# Begleiter-Wahl



## schäubli (21. Mai 2012)

Was ist der sinnvollste Begleiter für den Barbaren? Ich habe jetzt den normalen Modus und den Alptraum Akt I mit dem Templer gespielt und hatte kaum Probleme. Ist das der optimale Begleiter oder gibt es noch sinnvollere?


----------



## MrGimbel (21. Mai 2012)

Ich hab im NM mit dem Schurken gespielt, jetzt in NM bin ich zur Zauberin gewechselt.
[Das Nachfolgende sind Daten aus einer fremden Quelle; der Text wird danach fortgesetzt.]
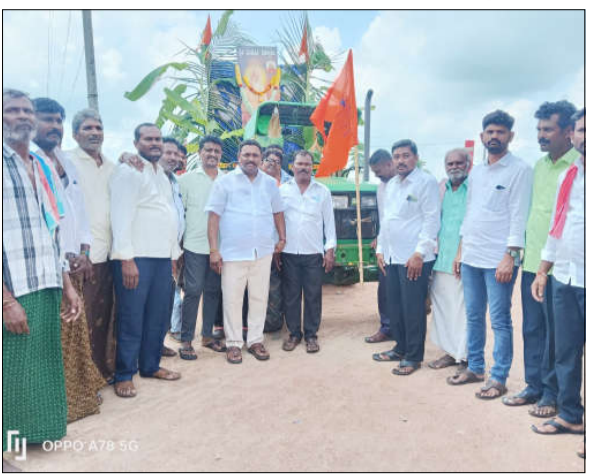
ವಾಲ್ಮೀಕಿ ಭಾವಚಿತ್ರಕ್ಕೆ ಜೆಸಿಬಿ ಮೂಲಕ ಮಾಲಾರ್ಪಣೆ ನೆರವೇರಿಸಿದ್ದು, ಎಶೇಷವಾಗಿತ್ತು. ಮೆರವಣಿಗೆ ನಂತರ ಅನ್ನಸಂಕರಪಣಿ ಕಾರ್ಯಕ್ರಮ ನೆರವೇರಿಸಲಾಯಿತು.

● ವಾರ್ತಾಲೋಕ ವಾರ್ತೆ ಗಂಗಾವತಿ: ಅ 19. ತಾಲ್ಲೂಕಿನ ಶ್ರೀರಾಮನಗರದಲ್ಲಿ ಶನಿವಾರದಂದು ಮಹರ್ಷಿ ವಾಲ್ಮೀಕಿ ಭಾವಚಿತ್ರ ಭವ್ಯ ಮೆರವಣಿಗೆ ಜರುಗಿತು. ವಾಲ್ಮೀಕಿ ಜಯಂತಿ ಪ್ರಯುಕ್ತ ಗ್ರಾಮವು ಸೇರಿದಂತೆ ಸುತ್ತಲಿನ ಗ್ರಾಮಸ್ಥರು ಅಪಾರ ಸಂಖ್ಯೆಯಲ್ಲಿ ಪಾಲ್ಗೊಂಡಿದ್ದರು. ಮೆರವಣಿಗೆಯು ಗ್ರಾಮದ ಶ್ರೀದೇವಿ ಹೋಟೆಲ್ ನಿಂದ ಪುನೀತ್ ಸರ್ಕಲ್ ಮೂಲಕ ವಾಲ್ಮೀಕಿ ವೃತ್ತದವರೆಗೆ ನೆರವೇರಿಸಲಾಯಿತು. ಶೋಭಾಕುಂಭ ಹೊತ್ತ ಮಹಿಳೆಯರು ಮೆರವಣಿಗೆಗೆ ಮೆರಗು ತಂದರು. ಡಿಜೆ ಪಾಡುಗಳಿಗೆ ಯುವಕರು ಕುಣಿದು ಕುಪ್ಪಳಿಸಿದರು.
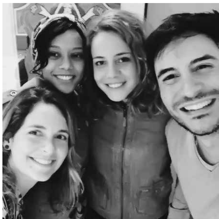
Claudia Abreu, tais Araújo, Leandra Leal e Ricardo Tozzi: empreguetes de volta

Fabíula foi casada com o ator Alexandre Nero e também namorou George Sauma. Já Gil foi namorado de Monique Afradique.
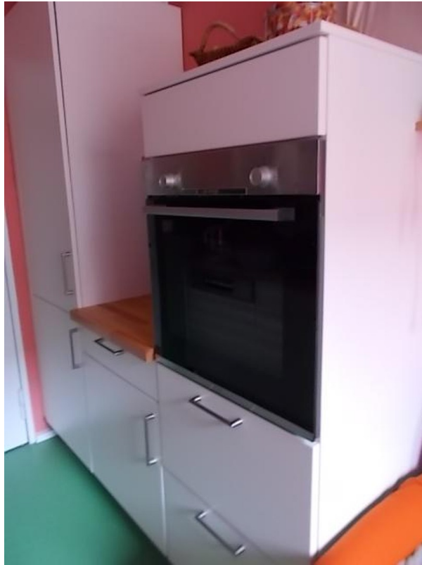
Küche - Markengeräte
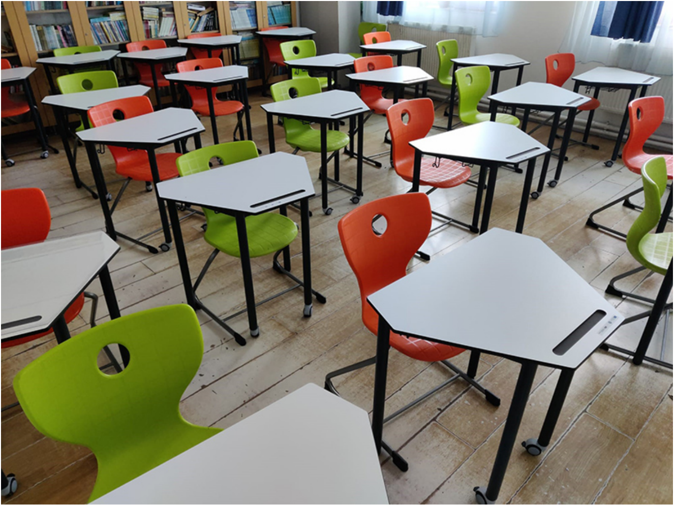
Mobilier modern la Pecineaga
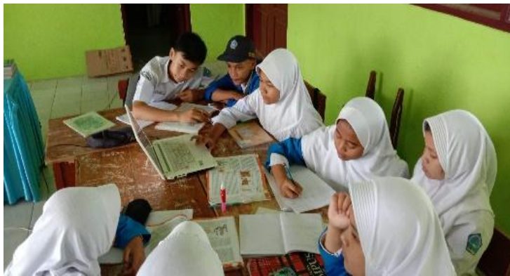
Gambar 4. Suasana saat Siswa Belajar pada Tahap Evaluation

Pada tahapan Evaluation , siswa diarahkan untuk mengevaluasi hasil pemodelan menggunakan aplikasi SimSketch . Format evaluasi pemodelan sudah tertera pada LKPD. Siswa menentukan beberapa coding yang berjalan dan coding yang tidak berjalan. Siswa menentukan solusi untuk coding yang tidak berjalan dan mengubahnya. Selain itu, siswa juga berkomunikasi dengan guru apakah pemodelan SimSketch cara kerja ginjal sudah sesuai dengan konsep sebenarnya. Jika tidak sesuai dengan konsep yang seharusnya, siswa mengubah pemodelan mereka sehingga memenuhi tuntutan konsep.
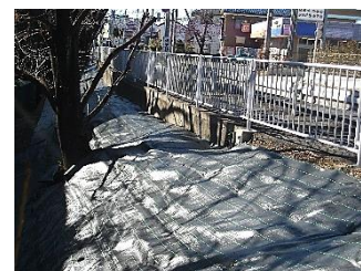
冬休み中に、職員で、北校舎裏の斜面に防草シートを敷きました。
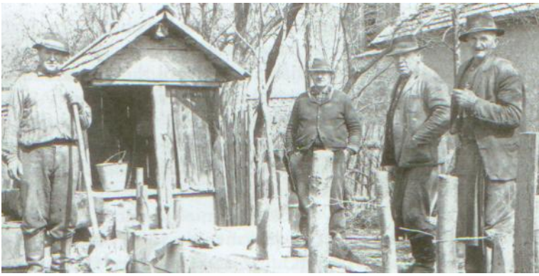
Muži z Kocel'oviec v pracovnom oblečení
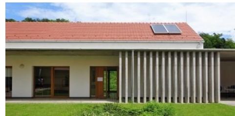
A képzések helyszíne

A helyszínről bővebb információ itt érhető el: http://szentjakabhaz.hu
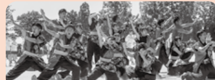
体育大会(応援合戦)

Templer würd ich eher für ne Range-Klasse nehmen.


----------



## BasiGorgo (21. Mai 2012)

hab noch nich viel rumprobiert
aber bis alptraum mitte war der templer doch sehr hilfreich als ich mitm barbar unterwegs war
hab dem heilspells und die stuns gegeben
is ganz praktisch und hat mir oft gut geholfen
denke mal is die beste wahl da der barbar zumindest offensiv ausgelegt nicht so viel überlebensfähigkeiten hat
für bosse nehm ich die natürlich auch aber ich meine eher so bei elite/champions
die heilung kann dir da den arsch retten^^
ist aber wohl auch mit anderen begleitern schaffbar erfordert dann aber denk ich ne andere spielweise 
weil schuft und magierin nich so viel an schaden von dir abhalten


----------



## Hathol1-2-3 (22. Mai 2012)

Ich nutze als Tank- Barbar den Templer... Heilungen sind nicht schlecht und der Gesundheitsreg ist nicht zu verachten. Bin gerade Hell Akt 2


----------



## ego1899 (23. Mai 2012)

Der Templer ist auch die erste Wahl. Kann man auch in jedem Guide lesen.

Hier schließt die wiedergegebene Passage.